UN won’t reinstate official transferred for criticizing Islamic Jihad rocket fire

Spokesperson confirms Sarah Muscroft has been relocated to another position and the decision is final; Israel had asked for her to be reinstated at Humanitarian Affairs office

Luke Tress is an editor and a reporter in New York for The Times of Israel.

OCHA OPT Head Sarah Muscroft speaks in a video address on June 10, 2021. (Screen capture/YouTube)
OCHA OPT Head Sarah Muscroft speaks in a video address on June 10, 2021. (Screen capture/YouTube)

UNITED NATIONS — The United Nations said Tuesday that a senior official in East Jerusalem who was removed from her position after condemning Palestinian Islamic Jihad will remain in a new location, despite Israel calling to reinstate her.

Sarah Muscroft, the head of the UN Office for the Coordination of Humanitarian Affairs (OCHA) in the Occupied Palestinian Territory, was removed from her post last week after she condemned the Palestinian terror group’s conduct during the recent Gaza conflict.

Her tweet criticizing the PIJ for “indiscriminate rocket fire” sparked an uproar among Palestinian supporters.

Israeli Ambassador to the UN Gilad Erdan on Sunday called on UN Secretary-General Antonio Guterres to reverse the decision to transfer her out of her position.

But a UN spokesperson told The Times of Israel Tuesday that Muscroft will remain in a new position despite Erdan’s request.

“She’s been reassigned to a different post. I don’t know where that post yet is,” the spokesperson said. “Her location of work has been changed. That was the decision taken by our Humanitarian Affairs colleagues.”

Rockets are launched toward Israel from Gaza City in the Gaza Strip, August 7, 2022. (Hatem Moussa/AP)

In her tweet, Muscroft wrote she was “relieved to see a ceasefire agreed ending hostilities impacting both Palestinians and Israeli civilians. Such indiscriminate rocket fire of Islamic Jihad provoking Israeli retaliation is condemned. The safety of all civilians is paramount — the ceasefire must be upheld.”

Muscroft, who had been based in East Jerusalem, came under massive criticism from pro-Palestinian activists, who said she was blaming Palestinians for the latest round of violence and was failing to hold Israel responsible.

The latest Gaza conflict began with several Israeli airstrikes against Islamic Jihad targets in response to what the army said was a concrete terror threat from a PIJ cell to fire anti-tank missiles across the border at Israeli troops or civilians. The strikes were followed by the firing of nearly 1,000 rockets by PIJ as well as roughly 170 Israeli counterstrikes.

Muscroft later deleted the post and tweeted an apology the next day, saying that “one of my previous tweets was ill-informed and I have deleted it. I sincerely apologize for my poor judgment.
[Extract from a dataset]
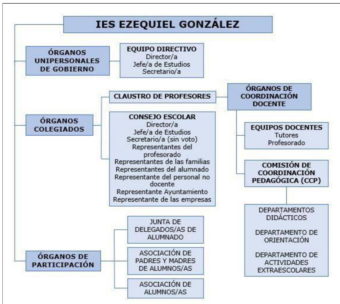
Tabla 2: Estructura organizativa.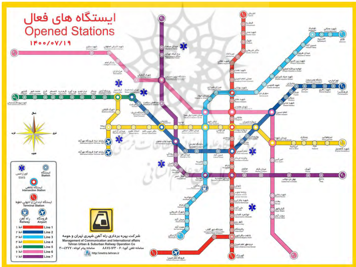
نقشه ۱- خطوط ریلی مترو تهران

احداث قطار شهری در تهران به ۱۱۰ سال قبل بازمی‌گردد. تأسیس تاراموای شهری از جمله موارد پیش‌بینی شده در امتیازنامه‌ای بود که بارون ژولیوس دو رویتر در عهد ناصرالدین شاه روی کاغذ آمد. در همین سال‌ها یک خط آهن روزمینی بین دروازه شهر ری (حضرت عبدالعظیم) و میدان باغ شاه، با نام معروف ماشین دودی ساخته شد. شرکت سوفرتو و شرکت متروی فرانسه در سال ۱۳۵۰، مطالعات اجتماعی،

All civilians — everywhere — must be able to live in peace.”

The turmoil did not subside though, and Muscroft went on to close her Twitter account entirely.

Explaining the decision to remove Muscroft, OCHA deputy spokesman Jens Laerke said at the time, “OCHA has been present in the occupied Palestinian territory for the past 20 years, working to help meet humanitarian needs, guided by the humanitarian principles of neutrality, impartiality, and humanity. Over two million people in the occupied Palestinian territory need assistance — they remain our only focus and priority.”

The OCHA has in the past been highly critical of Israeli policies in the West Bank and East Jerusalem.

Last week, the Hamas-run health ministry in Gaza said the death toll from the recent round of fighting in Gaza had risen to 48, after a man and an 11-year-old girl died from wounds sustained during the violence.

In all, more than 300 Palestinians were wounded over the three days of fighting. Israel says some of the deaths and injuries were caused by PIJ rockets that fell short and landed inside Gaza.

No Israelis were killed or suffered severe wounds as a direct result of the PIJ rocket fire, but numerous people were moderately hurt while seeking shelter or were treated for shock brought on by the barrages from the Gaza Strip. One 60-year-old man died of a heart attack as he ran to a shelter.

Times of Israel staff contributed to this report.